#### [Dataset excerpt]
-*-

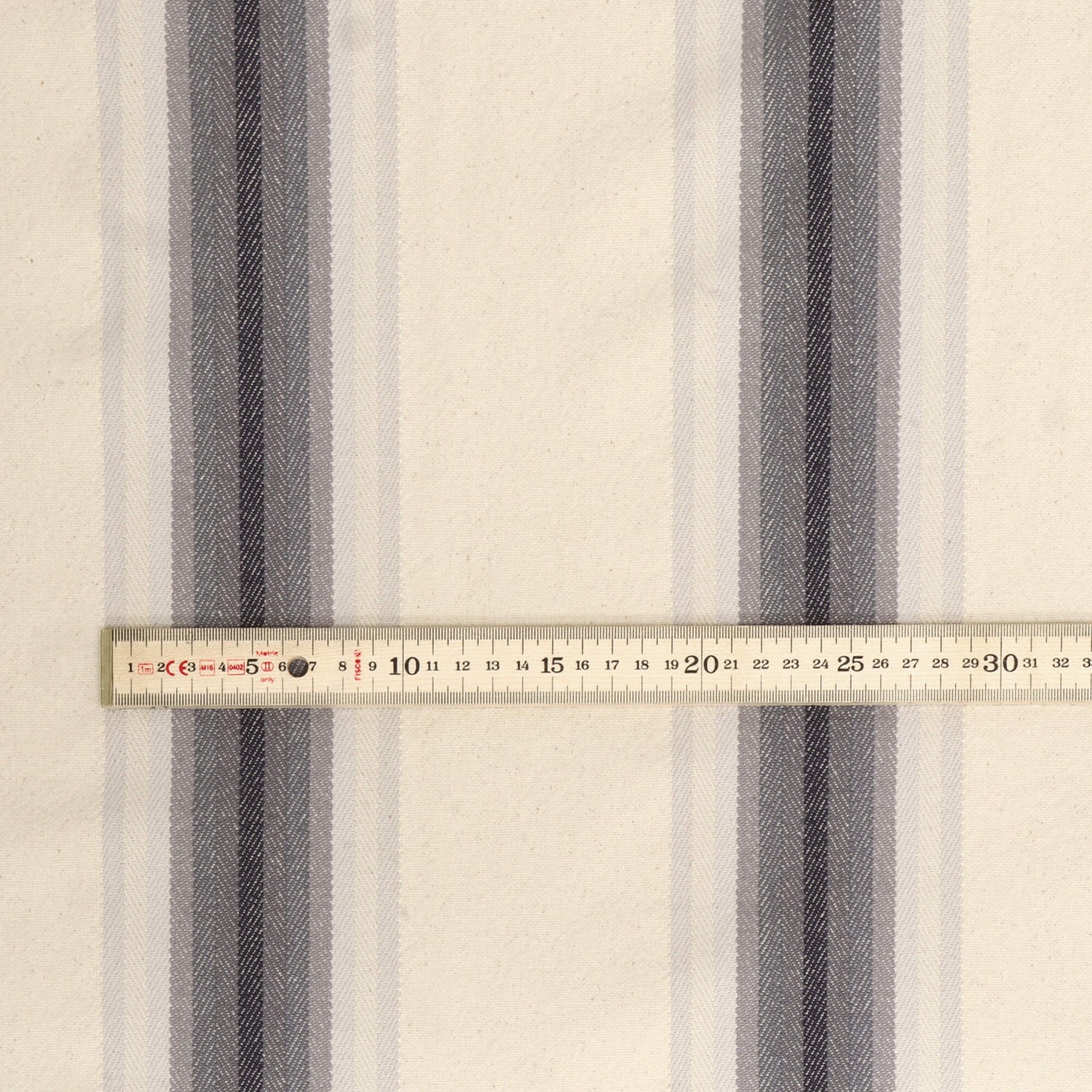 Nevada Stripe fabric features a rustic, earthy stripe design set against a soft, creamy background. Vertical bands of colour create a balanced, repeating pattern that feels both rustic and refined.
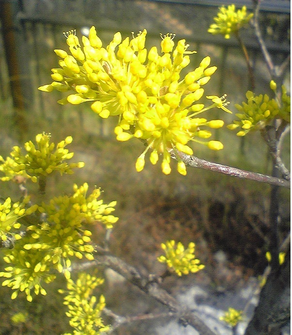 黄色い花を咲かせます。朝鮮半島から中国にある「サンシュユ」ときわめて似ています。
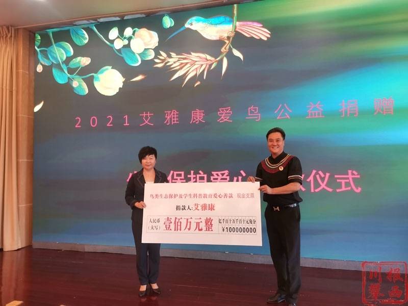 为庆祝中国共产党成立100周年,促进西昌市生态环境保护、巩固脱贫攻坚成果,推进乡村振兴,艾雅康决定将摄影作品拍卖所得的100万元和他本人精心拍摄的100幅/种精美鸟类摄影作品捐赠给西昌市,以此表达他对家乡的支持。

-*-

#### [Activity]
Everything in the data except the pictures must be transcribed exactly.

#### [Solved exercise]
 Nevada Stripe fabric features a rustic, earthy stripe design set against a soft, creamy background. Vertical bands of colour create a balanced, repeating pattern that feels both rustic and refined.
 黄色い花を咲かせます。朝鮮半島から中国にある「サンシュユ」ときわめて似ています。
 为庆祝中国共产党成立100周年,促进西昌市生态环境保护、巩固脱贫攻坚成果,推进乡村振兴,艾雅康决定将摄影作品拍卖所得的100万元和他本人精心拍摄的100幅/种精美鸟类摄影作品捐赠给西昌市,以此表达他对家乡的支持。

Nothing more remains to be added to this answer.